*** Block opens ***

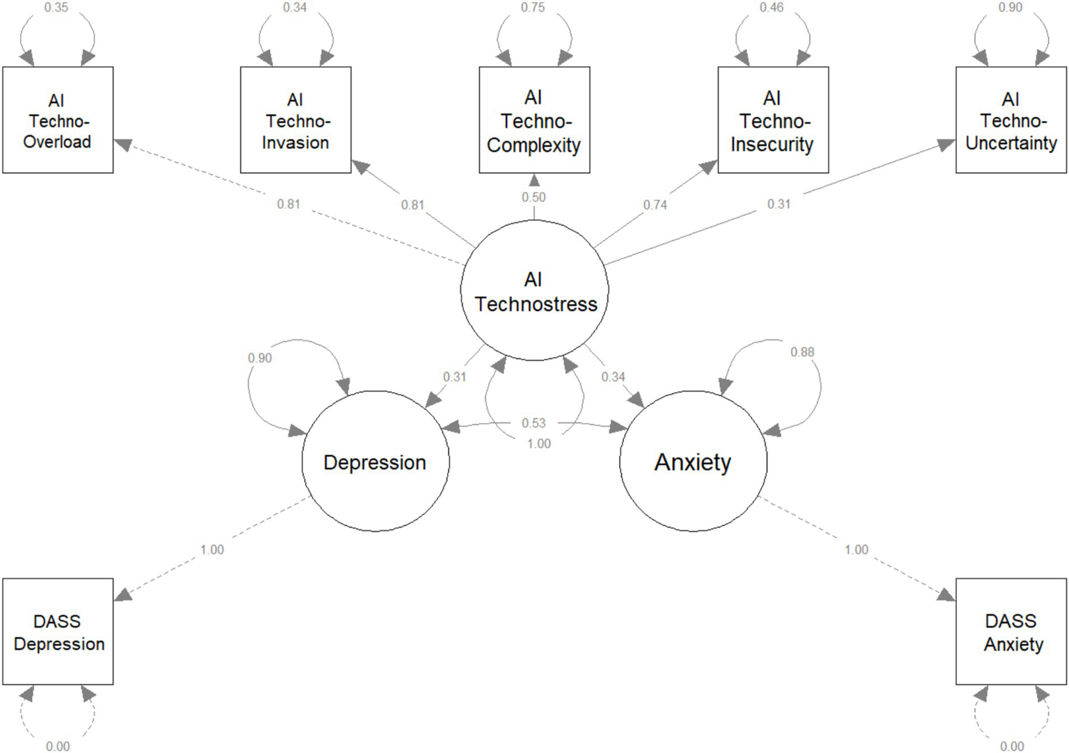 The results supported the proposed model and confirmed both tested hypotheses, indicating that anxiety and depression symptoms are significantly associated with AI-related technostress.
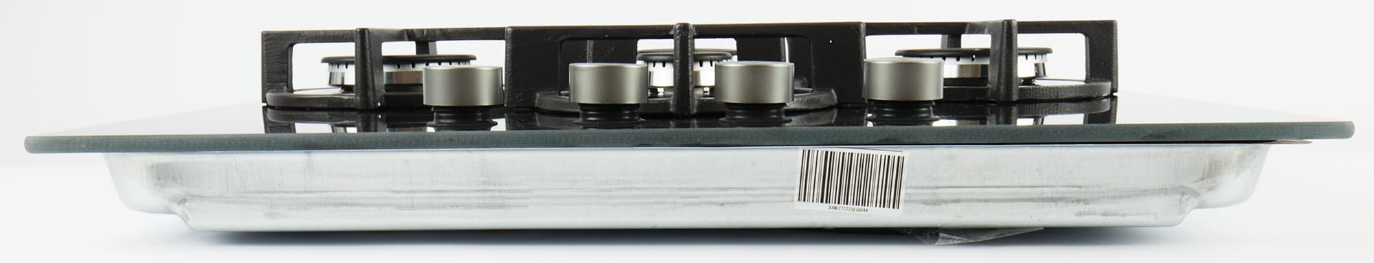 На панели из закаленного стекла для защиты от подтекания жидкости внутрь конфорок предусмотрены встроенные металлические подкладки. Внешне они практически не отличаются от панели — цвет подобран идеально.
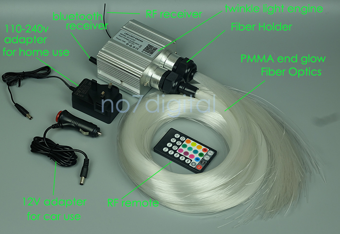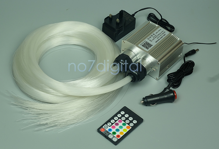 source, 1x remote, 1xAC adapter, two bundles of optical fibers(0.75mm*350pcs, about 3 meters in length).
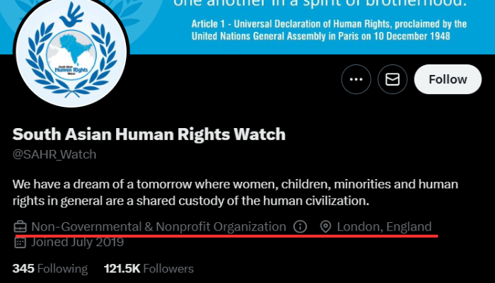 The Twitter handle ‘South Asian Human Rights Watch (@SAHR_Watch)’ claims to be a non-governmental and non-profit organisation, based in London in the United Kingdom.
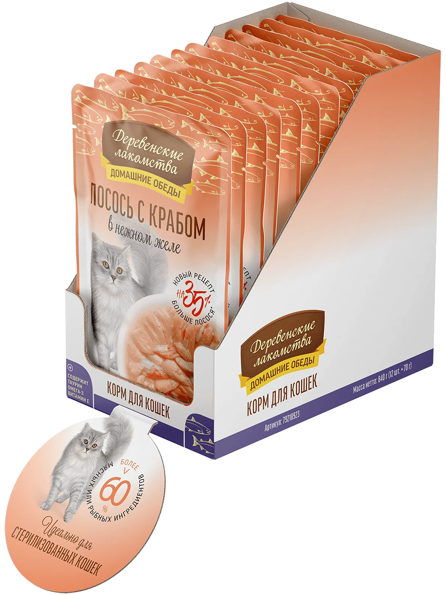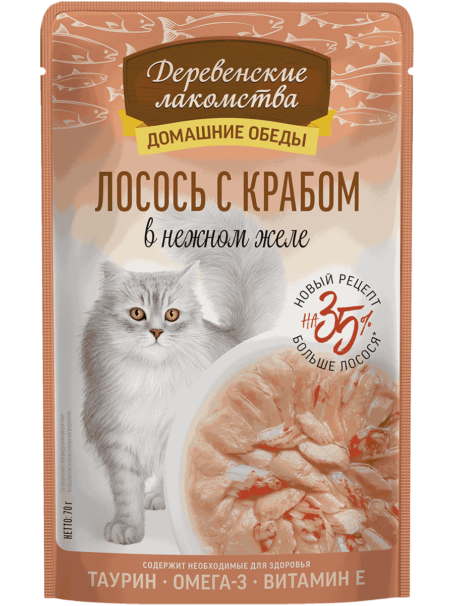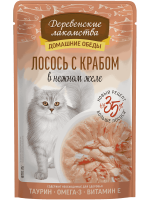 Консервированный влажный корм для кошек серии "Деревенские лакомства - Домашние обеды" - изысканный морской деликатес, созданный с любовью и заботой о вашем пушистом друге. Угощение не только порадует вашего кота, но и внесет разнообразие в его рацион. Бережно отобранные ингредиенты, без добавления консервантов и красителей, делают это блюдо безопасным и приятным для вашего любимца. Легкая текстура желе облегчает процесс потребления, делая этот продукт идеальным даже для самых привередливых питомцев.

*** Block closes ***

■ **Task to complete**:
Every line from the start of the material through the line holding "source, 1x remote, 1xAC" must be returned exactly, and the pictures must not.

■ **Answer space**:
 The results supported the proposed model and confirmed both tested hypotheses, indicating that anxiety and depression symptoms are significantly associated with AI-related technostress.
 На панели из закаленного стекла для защиты от подтекания жидкости внутрь конфорок предусмотрены встроенные металлические подкладки. Внешне они практически не отличаются от панели — цвет подобран идеально.
 source, 1x remote, 1xAC adapter, two bundles of optical fibers(0.75mm*350pcs, about 3 meters in length).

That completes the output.